Are you going to incorporate a split fence?


----------



## n6vc (Oct 11, 2012)

Here is a fence I was going to build. It has more stability than the one you are proposing IMO. If you can provide the dimensions of your table, I would be willing to finish fleshing out this one.


----------



## Chris Curl (Feb 13, 2012)

James, yes I want it to be able to support a split fence.

Jon, that looks interesting. Thanks for sharing it. You said, "I was going to build", but it sounds like you ended up going a different direction? What happened?

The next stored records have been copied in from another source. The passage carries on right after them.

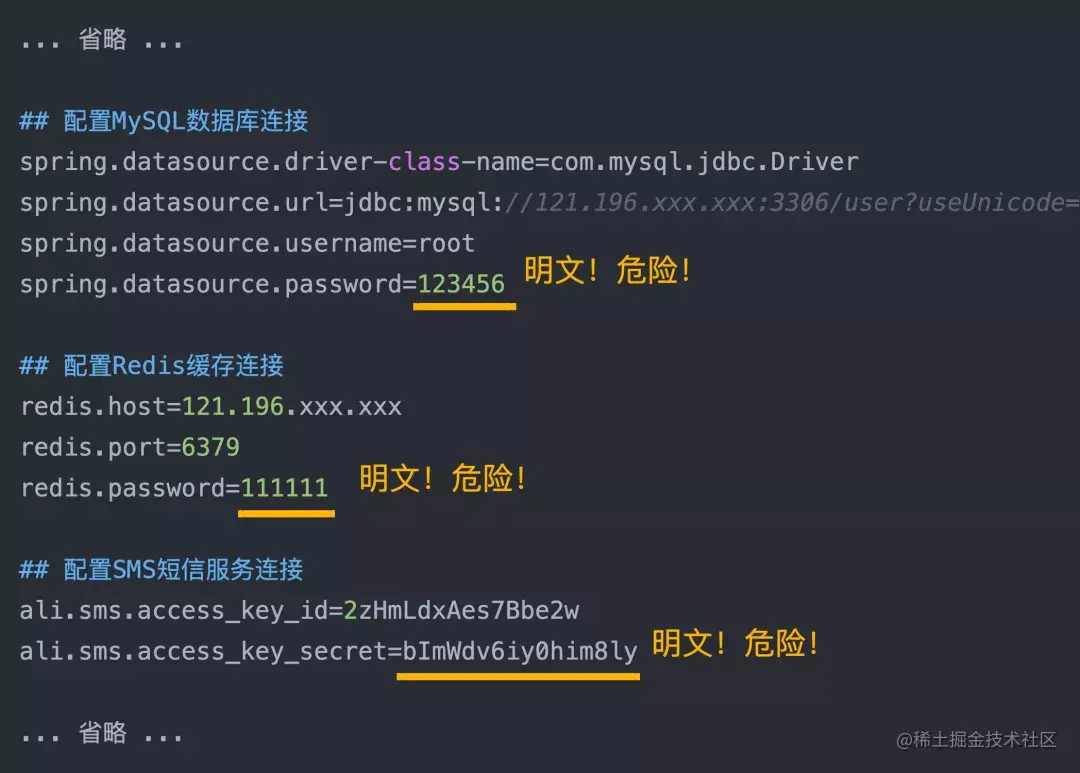 是的! 很多项目的配置文件里,包括数据库密码、缓存密码、亦或是一些第三方服务的Key都是直接配在里面,没有做任何加密处理!
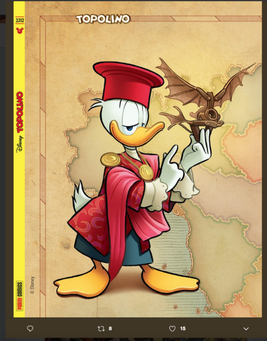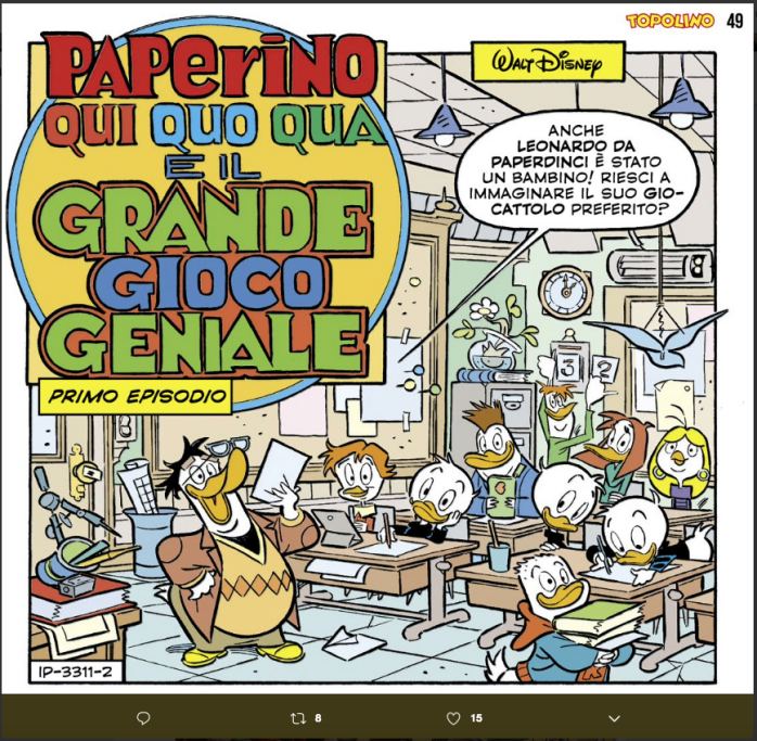 Anche il settimanale Topolino festeggia i 500 anni dalla morte di Leonardo da Vinci. Il magazine a fumetti pubblica infatti una storia in 5 puntate intitolata “Paperino, Qui, Quo, Qua e il grande gioco geniale” (storia di Bruno Enna, disegni di Andrea Freccero, Nicola Tosolini, Lorenzo Pastrovicchio, Giampaolo Soldati, Alessandro Perina)
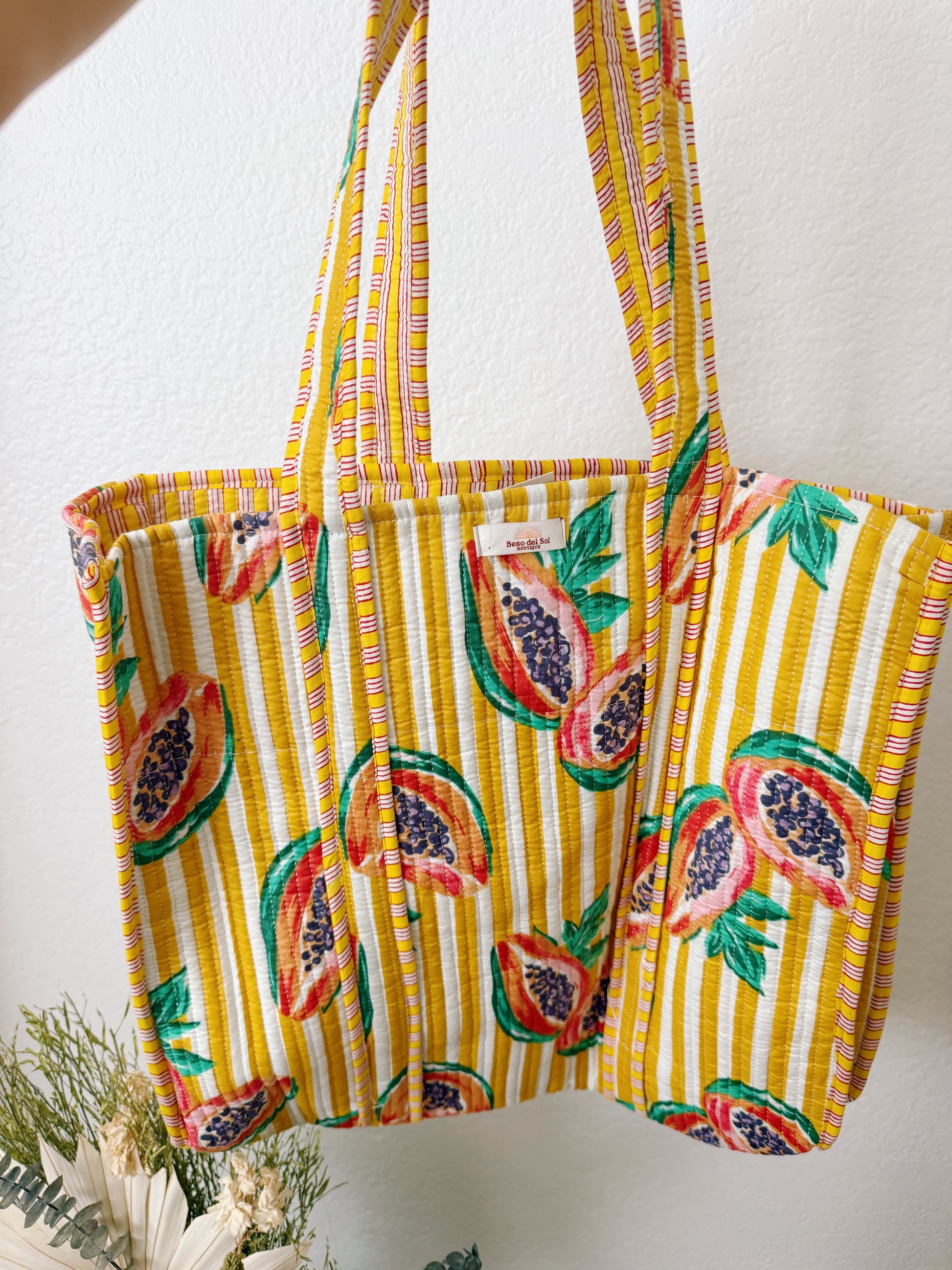 Introducing the Yellow Papaya Quilted Tote - the perfect blend of fashion and function. Handmade with reversible quilted cotton and a stunning playful design, this tote is perfect for carrying laptops, books, or even groceries. Plus, its compact design easily packs for all your traveling adventures.
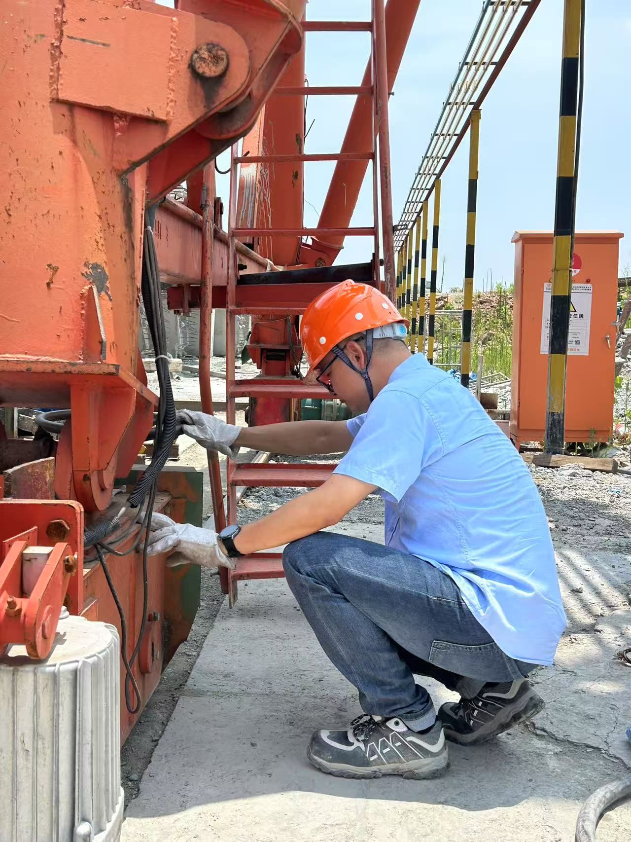宜昌分院——枝松高速公路的工地上,8名技術(shù)骨干攀上22臺起重設(shè)備,架橋機(jī)、塔機(jī)、施工升降機(jī)....不放過每一處細(xì)節(jié)。
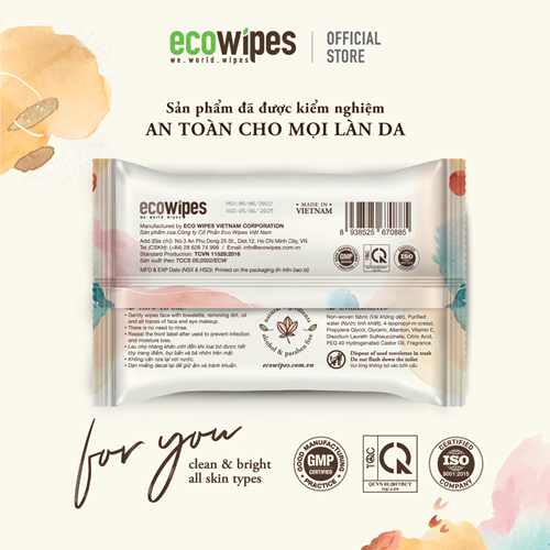 Thành phần: Vải không dệt, nước tinh khiết, 4-iso- propyl-m-cresol, Propylene Glycol, Glycerin, Allantoin, Disodium LaurethSulfosuccinate, Vitamin E, Citric Acid, PEG 40 - Hydrogenated Castor Oil, Fragrance.

One of the main goals is ease and accuracy of adjustment while keeping the fence at the same angle relative to the bit or blade. That is one of the attributes I like so much about the INCRA approach. The base stays put, and there is no play in the shaft the fence is attached to, but it can still adjust 6 inches or more.


----------



## GulfcoastGuy (Feb 27, 2012)

If you do a split fence it's a good idea to put a 45 deg back bevel at the split to allow for removable zero clearance inserts. I'm glad I did or I'd have been up a creek with a little project for my mother-in-law.

GCG


----------



## n6vc (Oct 11, 2012)

Chris Curl said:


> James, yes I want it to be able to support a split fence.
> 
> Jon, that looks interesting. Thanks for sharing it. You said, "I was going to build", but it sounds like you ended up going a different direction? What happened?
> 
> One of the main goals is ease and accuracy of adjustment while keeping the fence at the same angle relative to the bit or blade. That is one of the attributes I like so much about the INCRA approach. The base stays put, and there is no play in the shaft the fence is attached to, but it can still adjust 6 inches or more.


Hi Chris,
Rockler put their Router Table Top, including fence and accessories on sale at a "I can't pass it up "sale"". As we speak, it is sitting here while I redesign my project around it.
By shimming the "outfeed" fence of the Rockler fence, and adjusting the cutter to the same plane with a straight edge, I can still achieve the same result. A bit more fussy, but not hard to do.
One nice thing about a router table is that all straight lines are still parallel with the bit as Bob on the router workshop continually pointed out, unlike the table saw where the fence being parallel to the blade is critical. 
The way the design you presented fails is there isn't much support in the middle, just the width of the end of the board. 
The design I presented clamps at each edge of the table. This spreads the support across the entire width of the table.
Rockler's approach doesn't extend completely to the edges, but the slots are far enough apart. The fence provides the "Tee Bolt" slots and a position for tape measure mounting and fence stops, so it is acceptable.


----------



## Chris Curl (Feb 13, 2012)

n6vc said:


> ...
> The way the design you presented fails is there isn't much support in the middle, just the width of the end of the board.
> ...


Jon, I don't fully understand what you are saying here. The base clamps to the top on both ends. And the sliding part attaches to the middle of the fence, so that is where the most support would be. If anything, the ends would be more likely to flex under pressure. I am now thinking 2 sliding parts would give it the type of support you are talking about (sort of like the attached)? Of course, then there is the additional complexity of making sure there is no play in 2 shafts, not just one.



n6vc said:


> ...
> One nice thing about a router table is that all straight lines are still parallel with the bit as Bob on the router workshop continually pointed out, unlike the table saw where the fence being parallel to the blade is critical.
> ...


I understand this as well. I guess I neglected to mention that I hope to be able to use a similar approach for a replacement fence for my table saw, since that is a very inexpensive saw with a rudimentary fence that has a lot of play and can easily be set up such that it is not parallel to the blade.


----------



## n6vc (Oct 11, 2012)

Hi Chris,
That old saying "a picture is worth a thousand words" is very applicable here. Give me your table top dimensions and I will show you what I mean.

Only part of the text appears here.